KIM – a semantic platform for information extraction and retrieval
The KIM platform provides a novel Knowledge and Information Management framework and services for automatic semantic annotation, indexing, and retrieval of documents. It provides a mature and semantically enabled infrastructure for scalable and customizable information extraction (IE) as well as annotation and document management, based on GATE. 1 Our understanding is that a system for semantic annotation should be based upon a simple model of real-world entity concepts, complemented with quasi-exhaustive instance knowledge. To ensure efficiency, easy sharing, and reusability of the metadata we introduce an upper-level ontology. Based on the ontology, a large-scale instance base of entity descriptions is maintained.

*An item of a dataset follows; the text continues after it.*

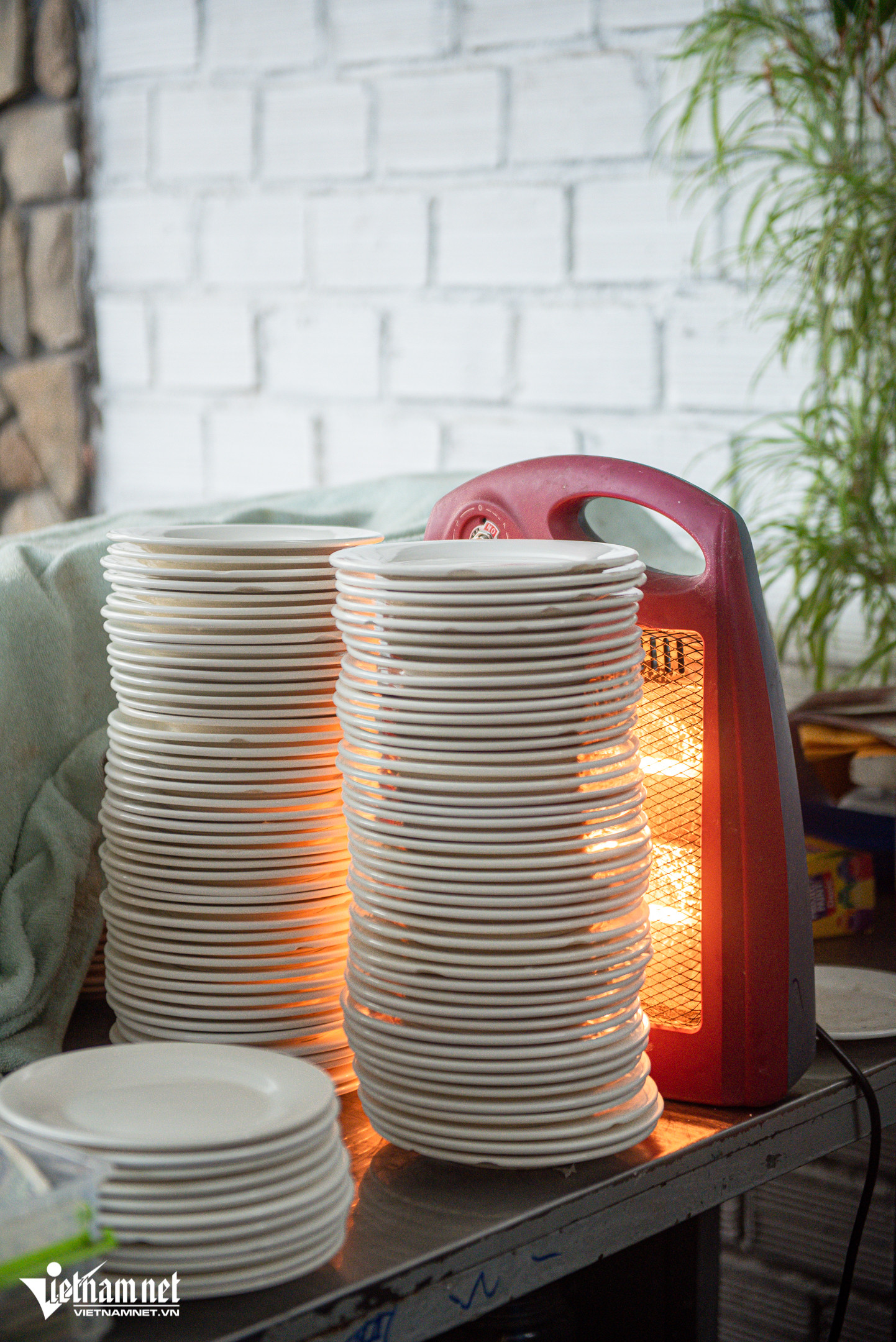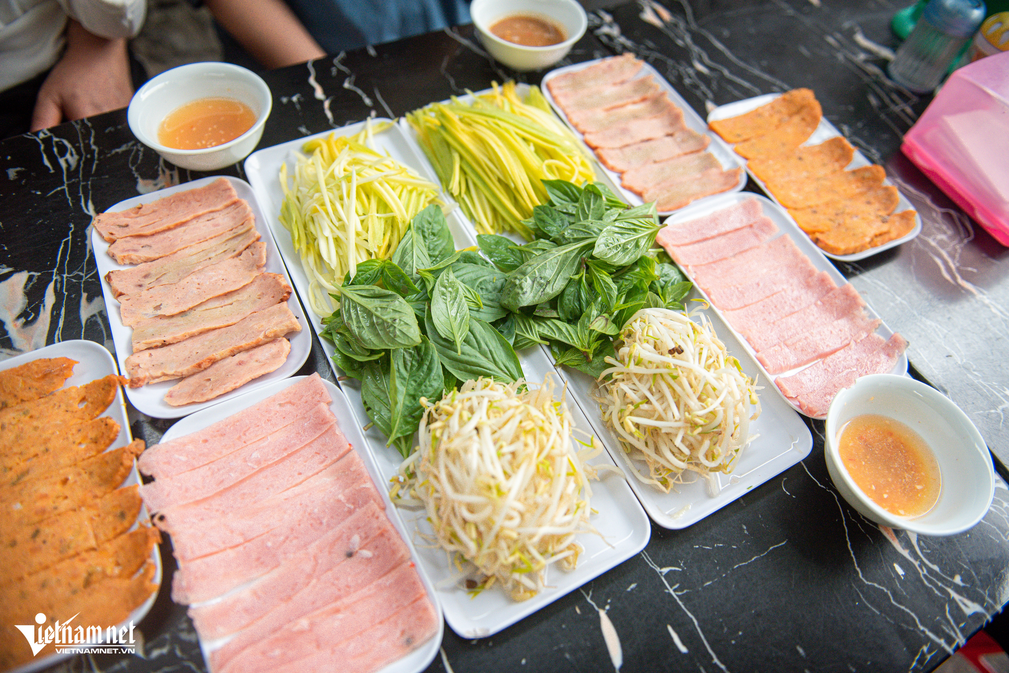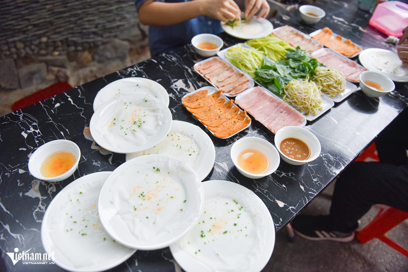 "Tôi bán món bánh ướt chồng đã hơn 5 năm. Thực chất, tôi học món này từ Nha Trang, sau đó biến tấu sao cho phù hợp với khẩu vị thực khách tại Đà Lạt. Trước đây gia đình tôi bán bánh cuốn nhiều năm nên khâu chọn gạo, làm bánh ướt sao cho mỏng, mềm, không bị rách, nát không quá khó", chị Tiên chia sẻNhiều thực khách khi tới quán thường tò mò vì thấy chồng đĩa được sấy lò sưởi trước khi sử dụng. Theo chị Tiên "tiết lộ", nhiệt độ Đà Lạt vào sáng sớm và chiều tối thường thấp khiến bát, đĩa sứ lạnh ngắt. Phần bánh ướt rất mỏng nên khi đặt lên đĩa sẽ nhanh nguội rồi lạnh tanh, không hấp dẫn. Đó là lí do, quán chị cho đĩa "nằm" lò sưởi trước khi mang ra đựng bánhĂn kèm bánh ướt chồng là các loại nhân như nem nướng, thịt nướng, nem chua, chả lụa kèm giá đỗ, xoài ương và lá húng quế. Phần nem nướng và thịt nướng, chị Tiên tự làm hàng ngày còn nem chua được đặt từ Ninh Hòa (Nha Trang, Khánh Hòa)Thực khách tự chọn đồ ăn kèm yêu thích rồi dùng bánh ướt cuốn gọn lại. Khi ăn, món bánh có đủ rau - thịt hài hòa nên không ngán, chấm với nước chấm để thêm tròn vịNước chấm tại quán có 4 loại khác nhau để phục vụ sở thích, khẩu vị thực khách như mắm nêm, xí muội, tương đậu và mắm pha chua ngọt. "Thực khách tới quán gồm nhiều du khách từ các vùng, miền nên tôi chuẩn bị 4 hương vị nước chấm. Mọi người có thể thử rồi chọn loại yêu thích hoặc chọn nước chấm tùy theo loại nhân ăn kèm", chị Tiên cho biếtỞ đây, mỗi đĩa bánh có giá 2.000 đồng, thực khách ăn bao nhiêu, tính tiền bấy nhiêu. Mỗi phần nhân ăn kèm là 19.000 đồng/đĩa, rau 12.000 đồng/đĩa. Quán mở từ 8h đến 21hBánh ướt chồng là món thanh mát, dễ ăn và mỗi đĩa chỉ có một lớp bánh mỏng nên mỗi người có thể ăn 15-20 đĩa. Thực khách thưởng thức rồi từ từ xếp đĩa thành những chồng cao "quá đầu người". Đây cũng là lí do mà món ăn này có cái tên là "bánh ướt chồng (đĩa)"Chủ quán cho biết, trong 5 năm mở bán bánh ướt chồng, từng có hai vị khách "lập kỷ lục" tại quán. Một nữ thực khách ăn tới 50 đĩa bánh ướt và một nam thực khách hoàn thành 70 đĩa

The knowledge resources involved are handled by use of state-of-the-art Semantic Web technology and standards, including RDF(S) repositories, ontology middleware and reasoning. From a technical point of view, the platform allows KIM-based applications to use it for automatic semantic annotation, for content retrieval based on semantic queries, and for semantic repository access. As a framework, KIM also allows various IE modules, semantic repositories and information retrieval engines to be plugged into it. This paper presents the KIM platform, with an emphasis on its architecture, interfaces, front-ends, and other technical issues.
(Received July 1 2003)
(Revised February 24 2004)
1 General Architecture for Text Engineering (GATE) (http://gate.ac.uk), leading NLP and IE platform developed at the University of Sheffield.